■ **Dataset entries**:
========================================

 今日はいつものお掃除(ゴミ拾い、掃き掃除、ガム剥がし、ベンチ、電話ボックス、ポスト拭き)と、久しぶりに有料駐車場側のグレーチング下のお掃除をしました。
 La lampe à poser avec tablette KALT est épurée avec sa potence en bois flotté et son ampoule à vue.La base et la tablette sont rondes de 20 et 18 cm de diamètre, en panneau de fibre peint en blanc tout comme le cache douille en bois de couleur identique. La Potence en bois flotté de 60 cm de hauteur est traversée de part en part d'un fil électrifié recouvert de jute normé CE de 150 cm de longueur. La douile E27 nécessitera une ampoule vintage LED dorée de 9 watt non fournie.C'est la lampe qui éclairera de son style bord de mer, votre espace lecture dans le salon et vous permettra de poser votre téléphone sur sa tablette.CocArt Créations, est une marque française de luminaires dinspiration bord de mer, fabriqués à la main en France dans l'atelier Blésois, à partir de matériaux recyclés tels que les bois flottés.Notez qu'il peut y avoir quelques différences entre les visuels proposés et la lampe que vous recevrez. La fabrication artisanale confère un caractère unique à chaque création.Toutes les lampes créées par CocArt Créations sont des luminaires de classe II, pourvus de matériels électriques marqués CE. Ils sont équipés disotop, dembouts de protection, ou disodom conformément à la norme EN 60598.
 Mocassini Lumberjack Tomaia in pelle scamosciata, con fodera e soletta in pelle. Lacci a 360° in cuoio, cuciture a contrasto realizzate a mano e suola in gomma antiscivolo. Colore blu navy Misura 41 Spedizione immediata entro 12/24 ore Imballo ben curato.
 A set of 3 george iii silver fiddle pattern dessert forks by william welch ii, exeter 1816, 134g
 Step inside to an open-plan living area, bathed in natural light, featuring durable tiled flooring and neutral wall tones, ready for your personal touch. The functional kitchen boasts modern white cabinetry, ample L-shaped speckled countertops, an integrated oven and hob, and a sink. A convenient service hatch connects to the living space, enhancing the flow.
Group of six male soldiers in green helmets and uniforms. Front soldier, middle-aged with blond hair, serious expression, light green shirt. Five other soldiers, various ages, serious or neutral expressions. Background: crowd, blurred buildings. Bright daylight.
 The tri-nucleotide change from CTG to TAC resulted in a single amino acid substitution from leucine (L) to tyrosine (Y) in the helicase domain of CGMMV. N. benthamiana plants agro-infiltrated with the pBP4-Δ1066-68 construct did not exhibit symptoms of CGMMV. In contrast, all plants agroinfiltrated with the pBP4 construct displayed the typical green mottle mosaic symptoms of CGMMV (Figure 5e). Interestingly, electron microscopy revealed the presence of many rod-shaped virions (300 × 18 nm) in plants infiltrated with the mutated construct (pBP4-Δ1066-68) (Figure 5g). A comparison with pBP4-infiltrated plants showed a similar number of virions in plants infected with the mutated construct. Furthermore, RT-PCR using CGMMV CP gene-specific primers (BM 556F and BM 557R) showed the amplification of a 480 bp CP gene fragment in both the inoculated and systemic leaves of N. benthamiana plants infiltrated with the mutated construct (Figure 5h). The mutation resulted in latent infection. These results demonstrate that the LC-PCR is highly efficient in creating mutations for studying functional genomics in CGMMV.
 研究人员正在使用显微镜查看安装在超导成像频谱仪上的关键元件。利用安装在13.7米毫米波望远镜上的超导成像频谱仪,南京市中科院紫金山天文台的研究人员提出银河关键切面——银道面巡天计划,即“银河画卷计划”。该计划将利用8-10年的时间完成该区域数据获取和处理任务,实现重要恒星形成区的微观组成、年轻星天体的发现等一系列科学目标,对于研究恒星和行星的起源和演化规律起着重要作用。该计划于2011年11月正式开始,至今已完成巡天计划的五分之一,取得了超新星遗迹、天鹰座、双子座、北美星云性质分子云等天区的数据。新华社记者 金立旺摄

========================================

■ **DESCRIPTION OF THE TASK**: Return all of the data word for word.

■ **RESULT FOR THIS EXERCISE**:
 今日はいつものお掃除(ゴミ拾い、掃き掃除、ガム剥がし、ベンチ、電話ボックス、ポスト拭き)と、久しぶりに有料駐車場側のグレーチング下のお掃除をしました。
 La lampe à poser avec tablette KALT est épurée avec sa potence en bois flotté et son ampoule à vue.La base et la tablette sont rondes de 20 et 18 cm de diamètre, en panneau de fibre peint en blanc tout comme le cache douille en bois de couleur identique. La Potence en bois flotté de 60 cm de hauteur est traversée de part en part d'un fil électrifié recouvert de jute normé CE de 150 cm de longueur. La douile E27 nécessitera une ampoule vintage LED dorée de 9 watt non fournie.C'est la lampe qui éclairera de son style bord de mer, votre espace lecture dans le salon et vous permettra de poser votre téléphone sur sa tablette.CocArt Créations, est une marque française de luminaires dinspiration bord de mer, fabriqués à la main en France dans l'atelier Blésois, à partir de matériaux recyclés tels que les bois flottés.Notez qu'il peut y avoir quelques différences entre les visuels proposés et la lampe que vous recevrez. La fabrication artisanale confère un caractère unique à chaque création.Toutes les lampes créées par CocArt Créations sont des luminaires de classe II, pourvus de matériels électriques marqués CE. Ils sont équipés disotop, dembouts de protection, ou disodom conformément à la norme EN 60598.
 Mocassini Lumberjack Tomaia in pelle scamosciata, con fodera e soletta in pelle. Lacci a 360° in cuoio, cuciture a contrasto realizzate a mano e suola in gomma antiscivolo. Colore blu navy Misura 41 Spedizione immediata entro 12/24 ore Imballo ben curato.
 A set of 3 george iii silver fiddle pattern dessert forks by william welch ii, exeter 1816, 134g
 Step inside to an open-plan living area, bathed in natural light, featuring durable tiled flooring and neutral wall tones, ready for your personal touch. The functional kitchen boasts modern white cabinetry, ample L-shaped speckled countertops, an integrated oven and hob, and a sink. A convenient service hatch connects to the living space, enhancing the flow.
Group of six male soldiers in green helmets and uniforms. Front soldier, middle-aged with blond hair, serious expression, light green shirt. Five other soldiers, various ages, serious or neutral expressions. Background: crowd, blurred buildings. Bright daylight.
 The tri-nucleotide change from CTG to TAC resulted in a single amino acid substitution from leucine (L) to tyrosine (Y) in the helicase domain of CGMMV. N. benthamiana plants agro-infiltrated with the pBP4-Δ1066-68 construct did not exhibit symptoms of CGMMV. In contrast, all plants agroinfiltrated with the pBP4 construct displayed the typical green mottle mosaic symptoms of CGMMV (Figure 5e). Interestingly, electron microscopy revealed the presence of many rod-shaped virions (300 × 18 nm) in plants infiltrated with the mutated construct (pBP4-Δ1066-68) (Figure 5g). A comparison with pBP4-infiltrated plants showed a similar number of virions in plants infected with the mutated construct. Furthermore, RT-PCR using CGMMV CP gene-specific primers (BM 556F and BM 557R) showed the amplification of a 480 bp CP gene fragment in both the inoculated and systemic leaves of N. benthamiana plants infiltrated with the mutated construct (Figure 5h). The mutation resulted in latent infection. These results demonstrate that the LC-PCR is highly efficient in creating mutations for studying functional genomics in CGMMV.
 研究人员正在使用显微镜查看安装在超导成像频谱仪上的关键元件。利用安装在13.7米毫米波望远镜上的超导成像频谱仪,南京市中科院紫金山天文台的研究人员提出银河关键切面——银道面巡天计划,即“银河画卷计划”。该计划将利用8-10年的时间完成该区域数据获取和处理任务,实现重要恒星形成区的微观组成、年轻星天体的发现等一系列科学目标,对于研究恒星和行星的起源和演化规律起着重要作用。该计划于2011年11月正式开始,至今已完成巡天计划的五分之一,取得了超新星遗迹、天鹰座、双子座、北美星云性质分子云等天区的数据。新华社记者 金立旺摄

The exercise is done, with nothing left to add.